Categorized | National News

Over 10,000 Disabled Bahamians– Minister Signs UN Convention

Based on the numbers coming out of the 2010 census, there are between 10,000 and 15,000 Bahamians living with some form of a disability; a number that officials say is much lower than the true figure.

Nonetheless, it gives the government a good idea of the task at hand.

Yesterday Social Services Minister Melanie Griffin signed The Bahamas on to the U.N. convention for the rights of persons with disabilities.

In doing so, The Bahamas became the 157th country to do so, setting the framework for the introduction of national disability legislation.

Prime Minister Perry Christie recently announced that the legislation should be before Parliament before the end of the year.

During the document signing in New York yesterday morning, Minister Griffin called the moment “historic.”

“The Bahamas is proud to be among the signatories to the Convention on the Rights of Persons with Disabilities,”she said.

“In so doing, we commit to take the necessary steps to act in good faith in fulfillment of the purposes of the convention.”
Chief Welfare Officer for the Disabilities Affairs Division, Leonard Cargill said he couldn’t be more pleased with hearing of the signing and that legislation is in the near future for The Bahamas that secures the equality of disabled people.

“You see, disabled people want the same opportunities as everyone else,” he said.

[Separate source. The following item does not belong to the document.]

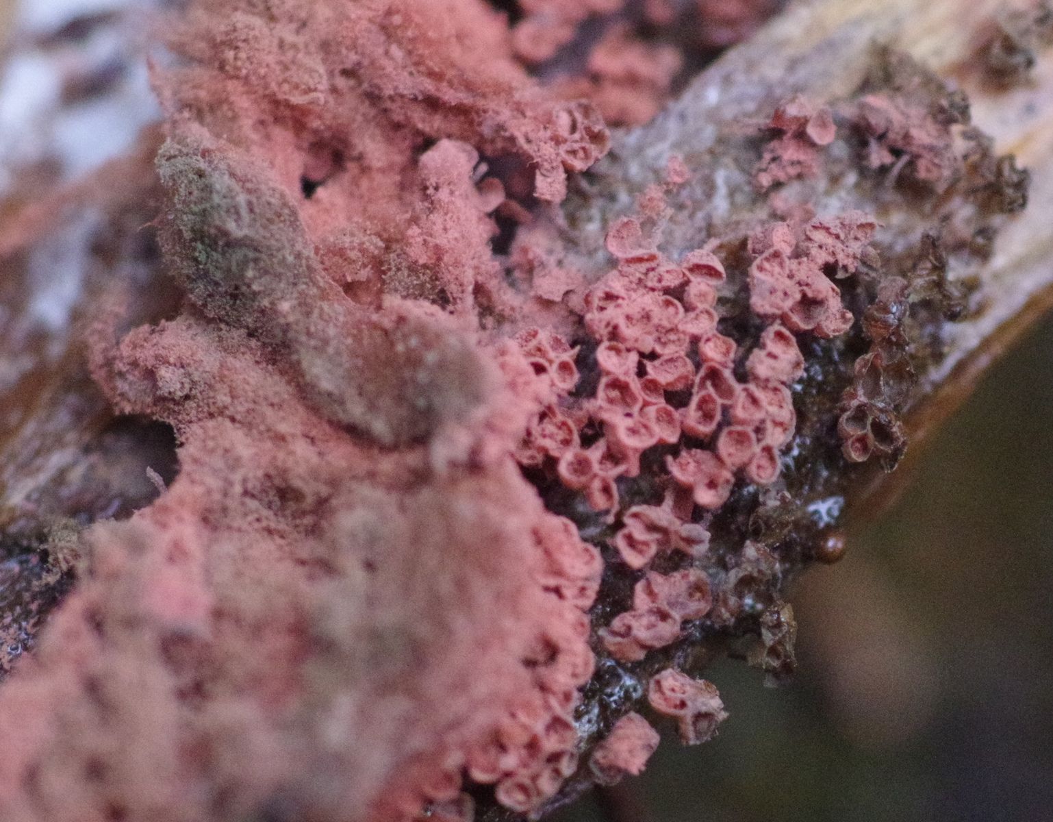 auf Kiefernscheiten, die seit einiger Zeit draußen liegen, wächst ein grelloranger Fältling.

“They want training. They want a hand up and they want transportation. Another key thing that they want is transportation and we should be able to facilitate that for them. Generally in our country, we need to work on having more consideration for other people and the whole concept is that if people buy into the idea that we’re all in this together, then we can make this country a better place.”

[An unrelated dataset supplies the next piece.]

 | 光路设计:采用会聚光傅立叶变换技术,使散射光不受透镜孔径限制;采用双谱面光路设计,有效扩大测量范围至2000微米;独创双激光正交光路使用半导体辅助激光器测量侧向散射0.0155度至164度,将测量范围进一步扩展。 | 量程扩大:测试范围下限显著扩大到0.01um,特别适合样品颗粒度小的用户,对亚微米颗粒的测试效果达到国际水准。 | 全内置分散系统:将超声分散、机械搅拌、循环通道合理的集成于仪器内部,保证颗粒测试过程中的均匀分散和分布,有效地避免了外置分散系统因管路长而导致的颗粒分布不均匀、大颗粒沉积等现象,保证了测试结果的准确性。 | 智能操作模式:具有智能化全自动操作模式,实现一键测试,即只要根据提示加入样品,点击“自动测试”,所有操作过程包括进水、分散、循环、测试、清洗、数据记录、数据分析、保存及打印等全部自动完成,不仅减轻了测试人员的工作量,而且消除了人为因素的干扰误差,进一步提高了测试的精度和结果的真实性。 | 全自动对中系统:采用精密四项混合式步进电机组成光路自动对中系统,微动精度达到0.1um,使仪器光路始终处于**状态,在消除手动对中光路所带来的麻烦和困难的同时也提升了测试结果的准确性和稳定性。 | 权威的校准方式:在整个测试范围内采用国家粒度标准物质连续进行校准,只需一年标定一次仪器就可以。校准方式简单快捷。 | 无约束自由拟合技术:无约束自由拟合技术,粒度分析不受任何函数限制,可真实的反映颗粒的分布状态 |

According to Minister Griffin, the draft disability legislation includes a framework for establishing a national commission for disabled persons.

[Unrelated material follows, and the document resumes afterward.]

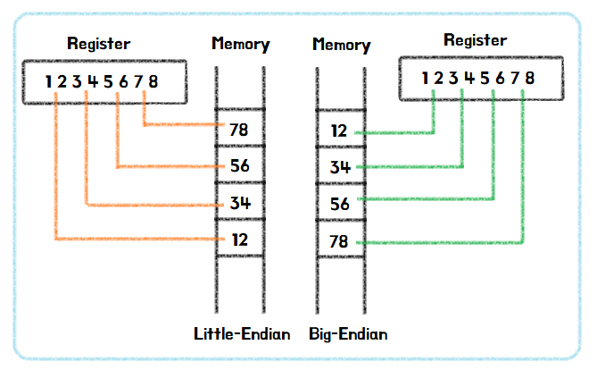 CPU의 종류에 따라 메모리에 바이트를 저장하는 순서가 달라진다.

Mr. Cargill is expecting that commission to really be the teeth of the proposed legislation.

“This legislation will be done by giving the commission teeth,” he said.

“For example, if you have a building that’s open to the public, then that building must be accessible to all members of the public. So the commission will give people the opportunity to make their building accessible for the disabled. It will ensure that mainly schools and hospitals are accessible. Anything that applies to the benefit of people with disabilities, then the legislation will guarantee those rights.”

For the people that do not comply with the new legislation, Mr. Cargill said there will be penalties put in place.

Mr. Cargill added that Bahamians with disabled family members should not be ashamed of them.